Domingos de Andrade | Jornal de
Notícias | opinião
O processo judicial estalou
quando António Costa chegava a secretário-geral do PS. A detenção de José
Sócrates agitou o país em vésperas do congresso que aclamou o então candidato a
primeiro-ministro e tornou-se um incómodo constante. Um incómodo gerido, durante
três anos e meio, com o silêncio e um único argumento: à justiça o que é da
justiça, à política o que é da política. Cada gesto foi de tal modo pesado ao
pormenor que até a única visita de Costa à cadeia foi feita a 31 de dezembro de
2014, com o país em pausa e as atenções mediáticas descidas para o nível
mínimo.
A inversão estratégica é tão
evidente e súbita que chega a ser desconcertante. O coro de vozes socialistas
abriu caminho à declaração marcante de Carlos César, presidente do partido e
próximo de Sócrates. Para logo de seguida o primeiro-ministro, a partir do
Canadá, dar a estocada que faltava. O processo Sócrates saía subitamente da
esfera judicial, para se tornar político. Não admira que Sócrates tenha reagido
politicamente, fazendo o que tem feito nos últimos anos, usando mais um
pretexto para se considerar crucificado na praça pública. Mostrando também, com
o anúncio da saída do partido, o isolamento em que se encontra.

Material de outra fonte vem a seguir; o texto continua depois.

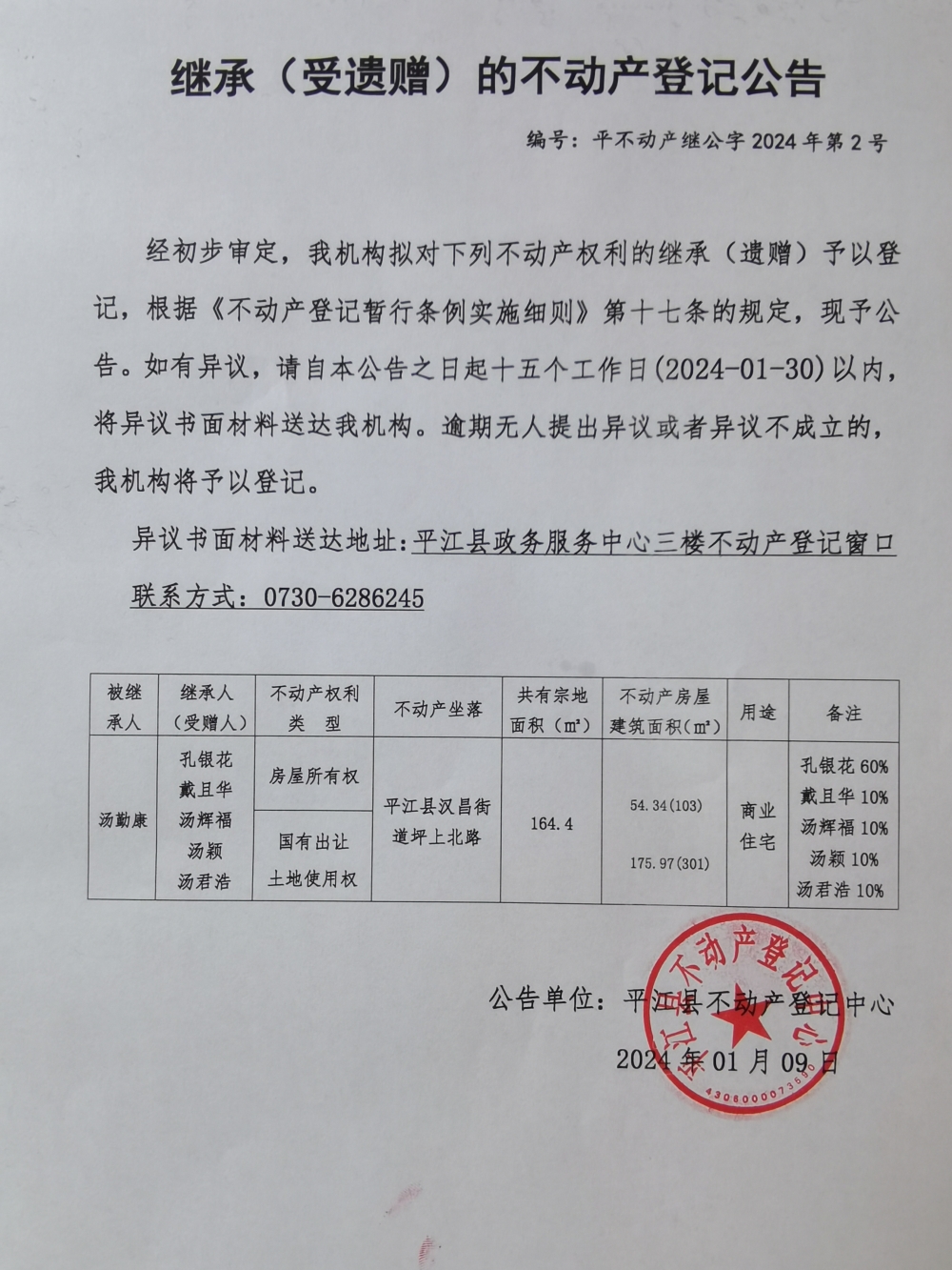 孔银花 戴且华 汤辉福 汤颖 汤君浩继承不动产登记公告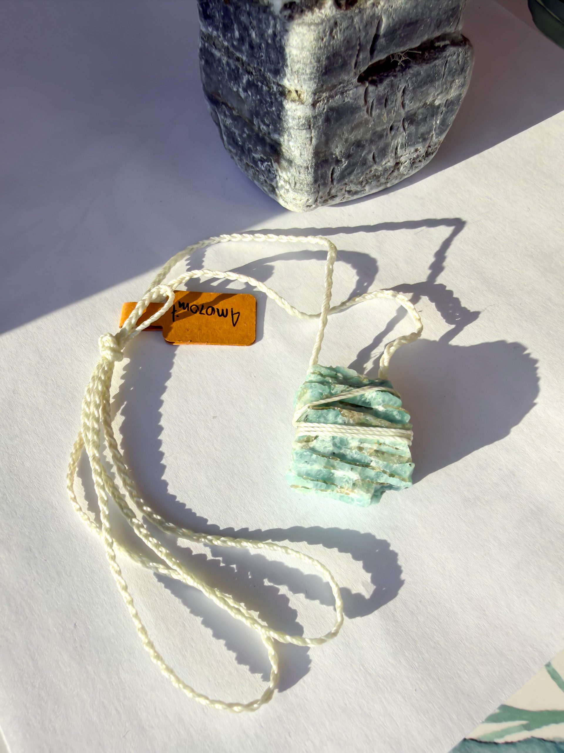 🌿 Materiały: Naturalny amazonit (bryłka surowa), sznurek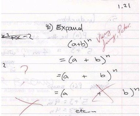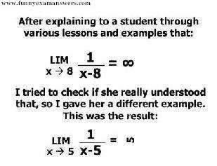 อันนี้ ถ้าเรียนแคลคูลัสแล้วจะช่วยให้ฮายิ่งขึ้น ,,, ก็คือ อาจารย์คนนี้แกสอนเด็กว่า ถ้าลิมิตเข้าใกล้ a ของ 1/(x-a) แล้ว คำตอบมันจะได้เท่ากับ อินฟินิตี้ แล้วแกก็ยกตัวอย่างกรณี a=8 ,,, ปลาดุก และปลากดว่า ไอ่เครื่องหมายอินฟินิตี้ มันดันไปเหมือนกับเลข 8 ตะแคงข้าง ,,, เด็กมันก็เลยเข้าใจว่า คำตอบของโจทย์ทำนองนี้ ก็คือ ให้เอาตัวเลขไปตะแคงข้าง พอลิมิตเข้าใกล้ 5 ปุ๊บ มันก็ตอบเป็น เลข 5 ตะแคงข้างทันที เออ เอากับมัน

O que explica esta súbita mudança
estratégica? O zumbido incómodo da mosca atrás da orelha subiu de tom quando a
Sócrates se juntou Manuel Pinho. As suspeitas sobre o antigo ministro da
Economia trouxeram à luz um dado mais decisivo do que qualquer outro: o de que
assumiu a pasta já com a promessa de reforma paga pelo BES. Juntando às
investigações judiciais em curso a investigação política anunciada com a
comissão de inquérito, ganhou dimensão a tese de que a corrupção não terá sido
o problema de um homem, mas de uma governação.

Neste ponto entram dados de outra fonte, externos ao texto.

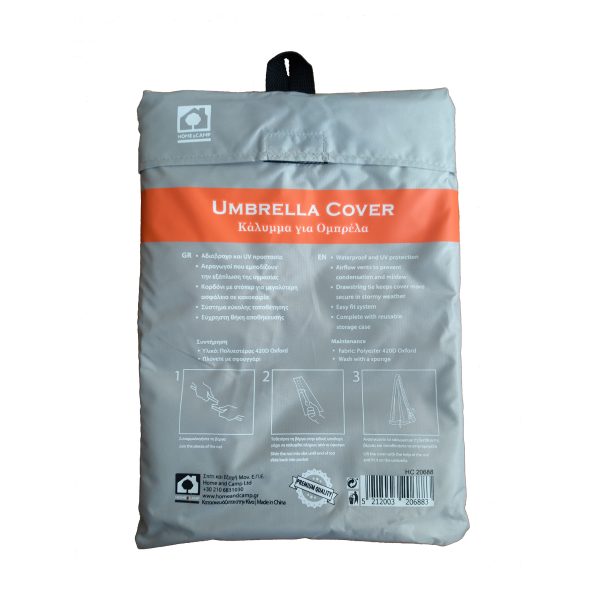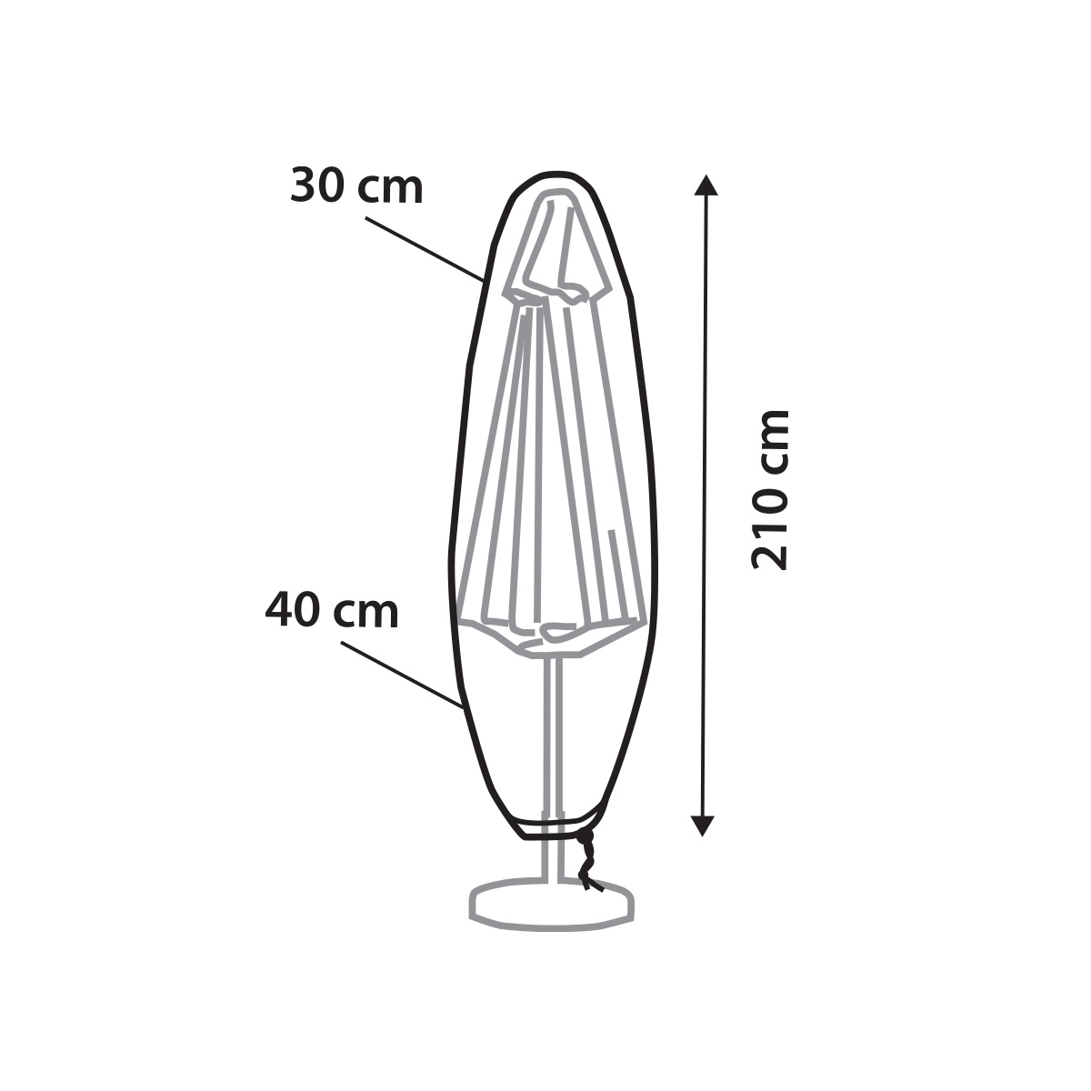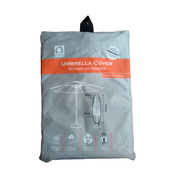 Υφασμάτινο κάλυμμα για ομπρέλα, διάστασης 210×30-40εκ., σε χρώμα γκρι. Κατασκευασμένο από υψηλής αντοχής πολυεστέρα 420D ύφασμα Oxford, προστατεύει από σκόνη, βροχή κ.α. Διαθέτει 4 σχοινιά και 1 κορδόνι περίσφιξης στο κάτω μέρος για κατάλληλη εφαρμογή. Με προστασία UV. Διαθέτει αεραγωγούς που εμποδίζουν την εξάπλωση της υγρασίας. Εύκολο καθάρισμα. Το προϊόν διατίθεται σε εύχρηστη θήκη αποθήκευσης.

Com o tema cavalgado por Rui Rio
e o risco de contaminação do próximo congresso socialista, mais uma vez,
António Costa decide sacudir de uma vez a mosca atrás da orelha. Esvaziar o
assunto e distanciar-se de qualquer vestígio do primeiro-ministro de quem foi o
número 2.
Estrategicamente faz todo o sentido,
claro. Costa fez tudo bem. Organizado. Meticuloso. Rápido. Fulminante. Tem
feito tudo bem. Já tinha amarrado Rio a acordos. Dá algumas compensações
sociais ao Bloco e ao PCP. Secou agora a oposição interna e externa, a da
Esquerda e a da Direita. Permite ao PS renascer. E ganha um peso inimaginável
no início da sessão legislativa para chegar à maioria absoluta em 2019.
Isto, se as eleições antecipadas
não forem provocadas já em outubro, sem que os parceiros de Parlamento tenham
sequer tempo para se aperceberem. Isto, se a mosca não voltar a colar-se ao seu
ouvido com o curso dos processos judiciais. É que é arriscado o permanente jogo
de cintura entre o orgulho com o trabalho que o José Sócrates primeiro-ministro
fez pelo país, e a vergonha pelos crimes com que eventualmente o José Sócrates
arguido manchou a democracia portuguesa.